- _ACTIVITY_
Repeat the listing word for word. Leave every picture out.

- _DATA BLOCK_
* * * *
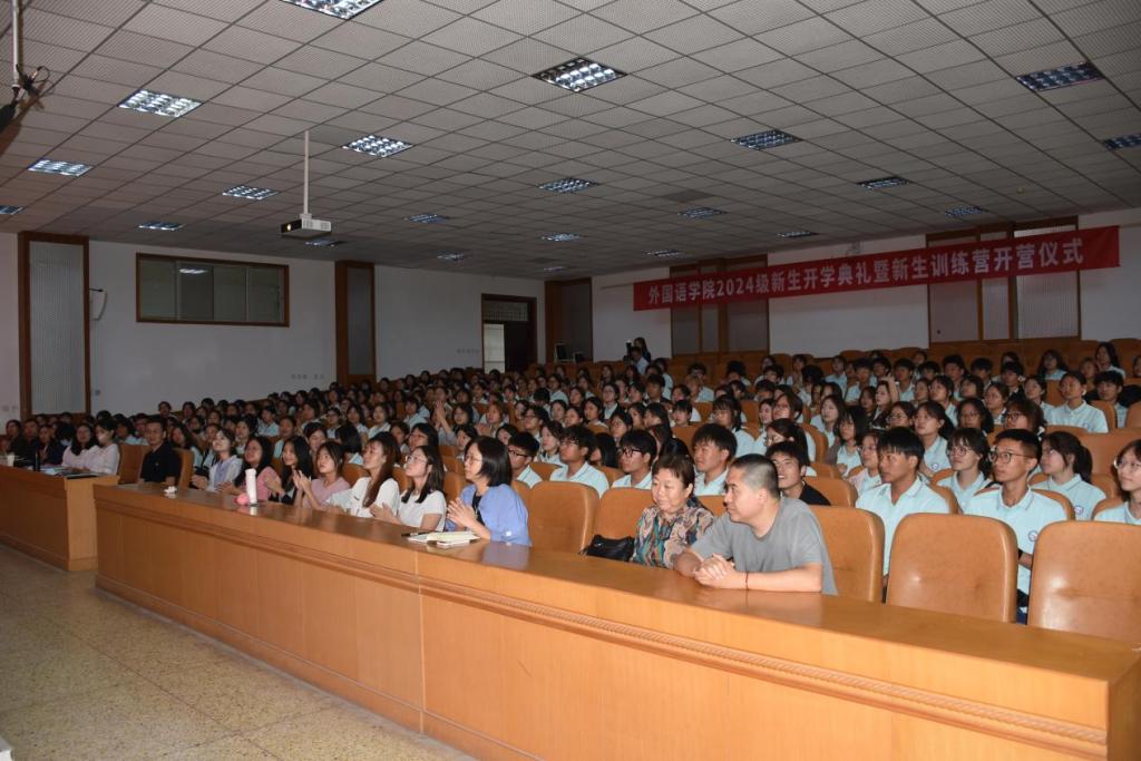 在C教201举办2024级新生开学典礼暨2024年新生训练营开营仪式。学院领导班子、各系负责人、全体行政与辅导员老师和2024级新生参加,大会由学院党委副书记刘磊主持。
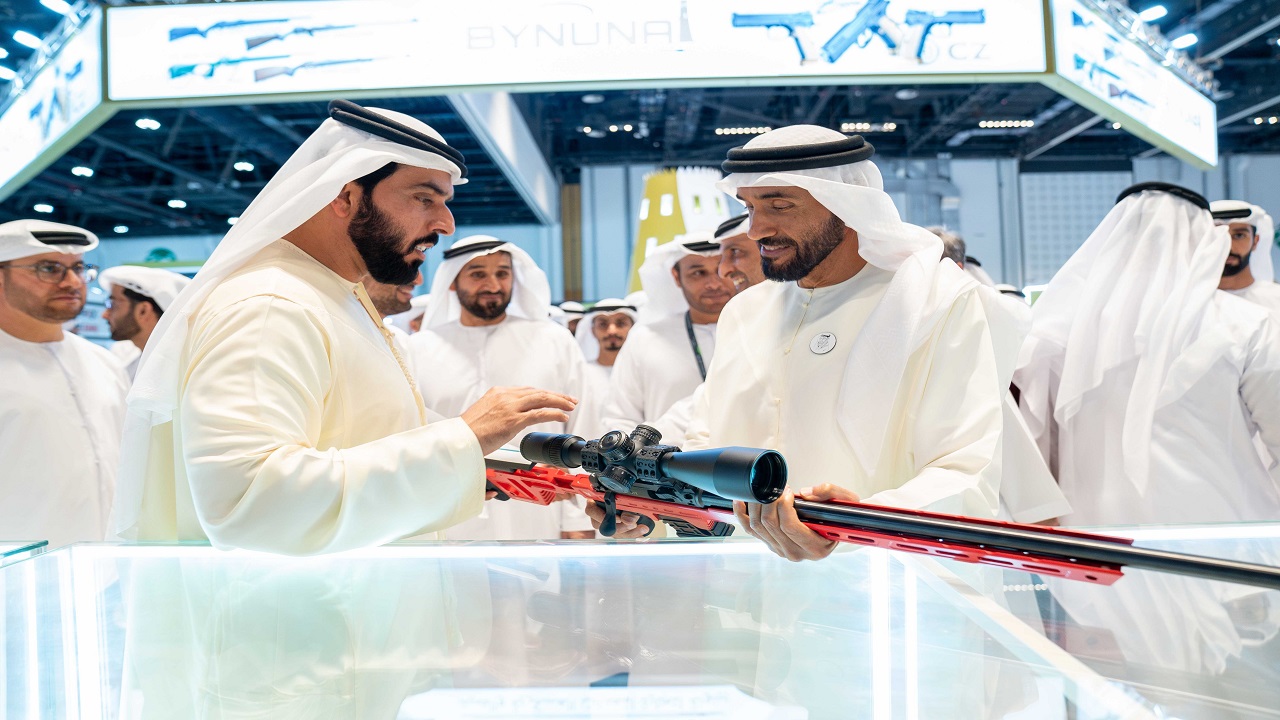 وتفقد سموه خلال الزيارة عدداً من الأجنحة المحلية والأجنبية المشاركة في المعرض، واطلع بجناح شركة «إنترناشيونال غولدن غروب» الإماراتية على منتجاتها في المجالات العسكرية وأسلحة وبنادق الصيد والفروسية.
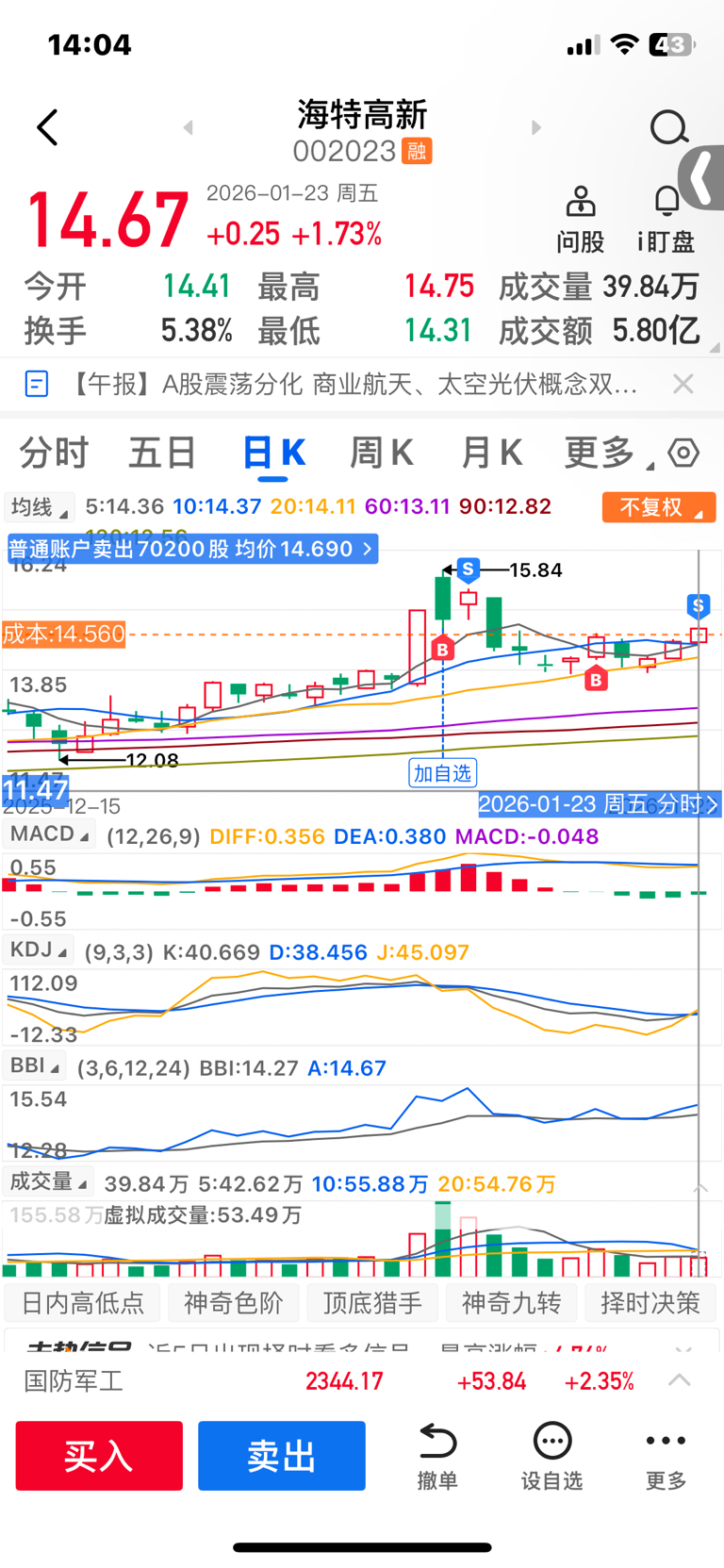 $海特高新(SZ002023)$ 没信心了,赚点就出
* * * *
- _SOLVED EXERCISE_
 在C教201举办2024级新生开学典礼暨2024年新生训练营开营仪式。学院领导班子、各系负责人、全体行政与辅导员老师和2024级新生参加,大会由学院党委副书记刘磊主持。
 وتفقد سموه خلال الزيارة عدداً من الأجنحة المحلية والأجنبية المشاركة في المعرض، واطلع بجناح شركة «إنترناشيونال غولدن غروب» الإماراتية على منتجاتها في المجالات العسكرية وأسلحة وبنادق الصيد والفروسية.
 $海特高新(SZ002023)$ 没信心了,赚点就出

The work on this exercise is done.